Tuesday, September 8

Dear Kurl,

Ms. Khang suggested that we write on the theme of heroism today, and specifically “whether you would identify someone in your life as a hero, and why.”

I understand the large hearts of heroes, Walt Whitman writes, The courage of present times and all times. Do you know the poet Walt Whitman, Kurl? Perhaps not: I don’t think Whitman is anywhere on the curriculum at Lincoln High.

Anyhow, when I think of heroism as large-heartedness, I can’t help but think of Lyle Hopkirk. It’s not that any father wouldn’t have stepped up to the role of single parent after the sudden death of his spouse. My mother, Raphael, was riding her bicycle and got hit by a taxi when I was only five. Lyle turned down a possible record deal in LA and took a full-time teaching position at the music school so that Shayna and I wouldn’t have to face any more upheaval.

But the truly heroic part, in my opinion, is that he never became moody or resentful about it, or took on any tortured-artist airs. He underwent a period of grief, of course, but I only know this because there are no photographs of Raphael in our house, and when I once asked him why, he confessed that “back when they were too hard to look at,” he had gotten rid of them—a rash action which he now regrets. My father has an upbeat personality by nature, and he simply made sure to let that natural buoyancy be the reigning principle for our family life. I think Lyle gets everything he needs from music, the way I get it from poetry. You should see him the day after his bluegrass band, the Decent Fellows, plays its regular gig at Rosa’s Room. He practically floats through the house, loose and relaxed and dreamy.

My father’s personal motto is Be real and be true. Since Lyle is my hero, I’ve been trying to make his motto my own. And this involves being forthright about myself, in particular. So prepare yourself for full disclosure on the subject of Jonathan Hopkirk. You’d never pick me out of a crowd, Kurl. I am short for my age and fine-boned. I have sandy brown hair that sticks out from my head in whichever direction is least fashionable no matter how much Hard Hold Paste I may attempt to work through it in the morning.

My passions are live music, especially folk and bluegrass, and poetry, as I’ve already mentioned—especially the work of Walt Whitman. Have you ever come across Walt’s seminal poem “Song of Myself”? I would be tempted to claim that poem as my personal manifesto, but it is altogether too complicated, too magnificent, for such a claim. Like Walt, I am an ardent believer in

… going in for my chances, spending for vast returns,

Adorning myself to bestow myself on the first that will take me,

Not asking the sky to come down to my good will,

Scattering it freely forever.

A beautiful sentiment, isn’t it, Kurl? Risky and beautiful. And, in the spirit of being real and true, I would like to divulge something Walt never could admit to directly, in his day, for fear of recriminations: I’m gay. My sexuality has never been something I’ve tried to hide.

Does being “out” make for a thornier social life? Quite possibly. The unfortunate reality of homophobia is already announcing itself to me two weeks into the new school year. There are certain members of my cohort—certain little JOs, Kurl, in your parlance—whom I hoped might have matured over the summer and thereby lost interest in me and whatever vague and intangible threat I seem to represent to them. Instead the interest seems keener than ever. But hiding and lying takes considerable energy, too.

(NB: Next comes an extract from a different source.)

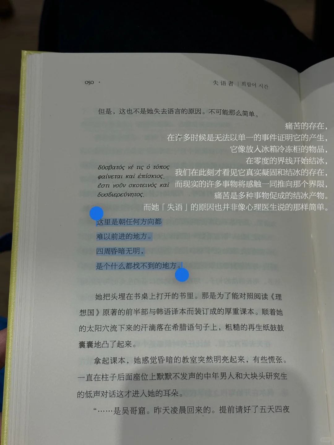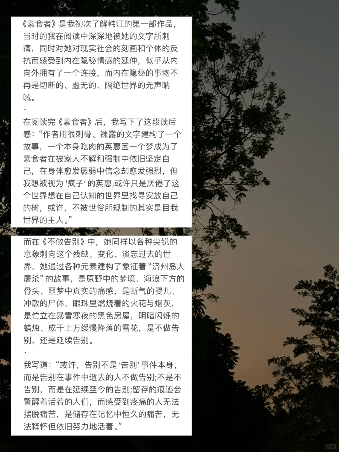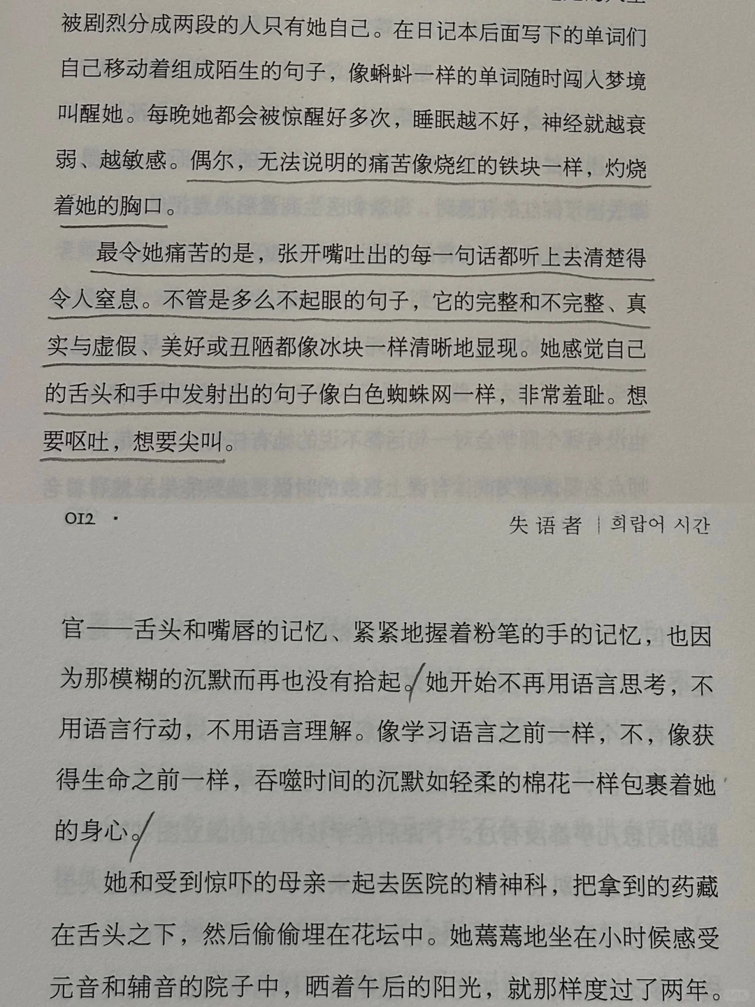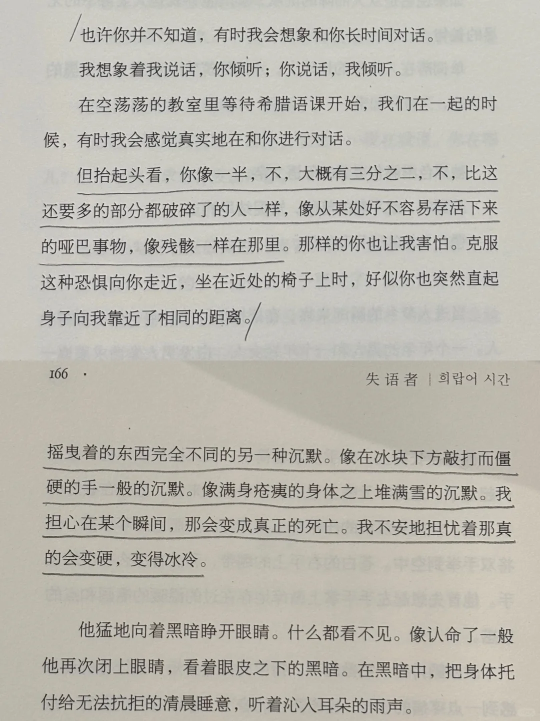 《失语者》是我阅读韩江文字的第 四本书,她的文字依旧是沉静又尖锐的存在,她用平静又清冷的态度阐述架构在现实生活中的故事。韩江通过两个在场的视角去阐述同一时空的故事,一个没有任何原因和征兆却走向失语的女人,一个在遗传中注定走向失明的男人,他们在走入自己「偶然与必然」的境况中相遇,他们在故事的尾声拥抱彼此,拥抱彼此内部的破碎,拥抱我们无法发出的内在声音,拥抱我们在现实世界里悬浮而沉重的生活。

Lyle, in any case, is strongly queer-positive and always wholly supportive of me. It’s another aspect of his heroism, I suppose.

The bell has just rung, Kurl, and my hand is cramped from writing nonstop for fifty minutes straight.

Yours truly,

Jonathan Hopkirk

PS: I’m enclosing Part 14 of “Song of Myself” in case the quotation above didn’t make any sense on its own. Sorry about the woolen fuzz along the creases. I’ve been carrying it in my trousers pocket for the back-to-school transition, but I’ve more or less memorized this section of the poem at this point, so I’m happy to pass it on.